Creating Wheel Wells

Now that we have the body of the car, we need to create wheel wells.

We will hide the car body and use the extrude tool again to remove material to create space for the wheels.

Adjust the starting offset depending on the size of the wheels and your design preferences.

Since our car body is 100 mm wide and our wheels are 45 mm wide each, I chose a 5 mm offset to bring it all together.

Repeat this on both sides.

Adjusting square pegs

The hole we created in our gear is 20 x 20 x 25. So we will adjust the peg to be around 30 mm.
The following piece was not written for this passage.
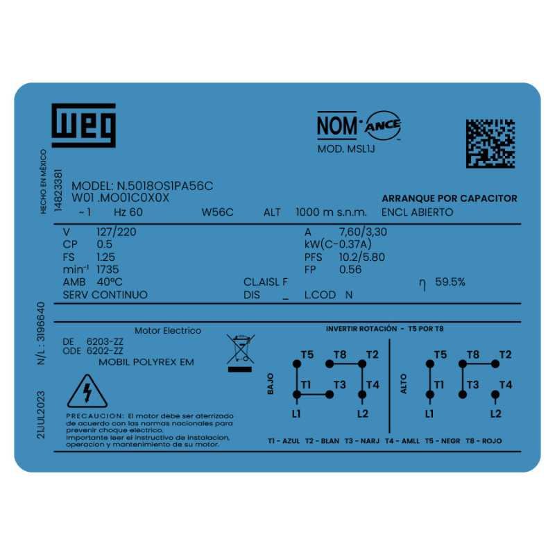 Motor monofásico WEG de 1/2 HP y 1750 rpm
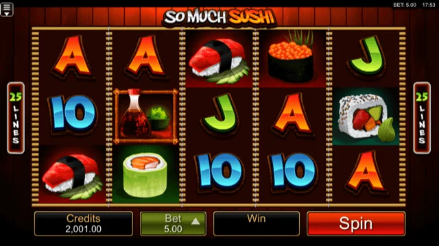 You can also play the So Much Sushi slot machine at these mobile casinos: Vera and John Casino, 32Red Casino, Rizk Casino

Select the square pegs and use the extrude tool to remove 15 mm.

Finishing touches

Now you can add fillets, chamfers, or other little details on the car and wheels.

Now you should be finished with the car body, and gears/wheels!

I used my 3D printer, a Bambu Lab A1.

For the slicer, I used Bambu Studio.

Export your parts from Onshape by right-clicking on the parts and selecting export and STL format.

Import the parts into Bambu Studio or whichever slicer you prefer by dragging them from File Explorer into the workspace.

Start with importing the ring gear. In order to fit the sun and planet gears into the ring gear, we will have to cut it in half.

Cutting the Parts

Luckily, Bambu Studio has a feature called cut located in the top toolbar where you can split the part in half AND add connectors.

We will cut the gear in half as shown in Picture 1. In my case, Bambu Studio did not want to cut it straight in half so I adjusted the movement parameter to .10.

You can also add connectors to fit the two halves together. I'd recommend adding two connectors, each being a different shape. This will ensure the correct orientation for the halves when you assemble them. I have this shown in Picture 2.

Next, import the car body. It may not fit on the build plate depending on the size of your car, so we will have to cut it as well. Repeat the same steps of cutting and adding connectors. Connectors aren't as necessary for the car body, but it is nice to have the two halves interlock.

We will not have to cut the sun or planet gears.

Slicing and Printing the Parts

Changing print settings and slicer settings is quite extensive so I will not go in-depth on them here. You can find more information about slicing and printing on slicer wikis. Bambu Studio has its own wiki.

If your gears are quite small, enable brims to increase bed adhesion.

I recommend adaptive cubic or gyroid infill.

Some parts of your car body may require supports. Do not use supports on the gears.

We can now assemble the two halves of the car body!

If you did not need to cut your car in half, do not worry about this step.

If you used supports, the car body may have required some post-processing such as sanding.

My car is blue and white because I ran out of blue filament mid-print.

Apply super glue between the two halves.

Fun fact: Cyanoacrylate super glue pulls water from the air to polymerize/harden. You can lightly mist one half of the car body with water and apply super glue to the other to decrease drying times.

Attached above are the pictures of the assembly process.

1. Lay down one side of the ring gear
2. Put in the sun gear and one of the planet gears.
3. Fit in more of the planet gears.
4. The last planet gear will be a tight fit so you may have to push and maneuver the gear to seat it correctly.
5. Get the top half of the ring gear and fit it onto the gear, lining up the connectors we made in the slicer.
6. Using super glue, we will attach the halves together.

Now, you can choose to spray the gear with Plastidip for increased grip on smooth surfaces.

Use masking tape to cover the top and bottom of the gears.

Move to a well ventilated area to apply the coating and wait around 30 minutes between each coat.

After everything dries, consider using a lubricant for the gears. Some PLA safe lubricants:

1. Lithium grease
2. PTFE grease
3. Silicone/dielectric grease

If you did not use PLA for this project, please research what lubricants or super glues are compatible with your chosen material.

To complete our car, we will use super glue or whichever attachment method you prefer. You can choose to put the glue on the peg or inside the hole in the sun gear.

I suggest painting your car or experimenting with a more interesting or exotic design.

Ultimately, this project is a chance to showcase your creativity and make much more interesting car designs than mine.